The Seven Stars Luxury Hospitality and Lifestyle Awards (abbreviated SSLHLA; also simply referred to as the Seven Star Awards) are a series of annual awards presented to international recipients in the hospitality industry. They were created by Khalil El-Mouelhy in 2013.

The awardees are selected by a panel of judges with extensive experience in the luxury hospitality and lifestyle industry. Panelists have included Ece Vahapoğlu, Nichole de Carle, Massimiliano della Torre e Tasso (the son of Carlo Alessandro, 3rd Duke of Castel Duino), and other well-known public figures.

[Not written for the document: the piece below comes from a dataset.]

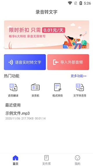 1、在本站打开录音文字提取,进入软件首界面,如下图所示:

Similar industry awards include the World Travel Awards, which Seven Star Awards founder Khalil El-Mouelhy was the director of.

Overview
Since 2013, the awards have been held annually at various locations in Southern Europe and Southeast Asia. Each year, there are generally about a dozen categories, over 200 winners, and approximately 1,000 nominees on average.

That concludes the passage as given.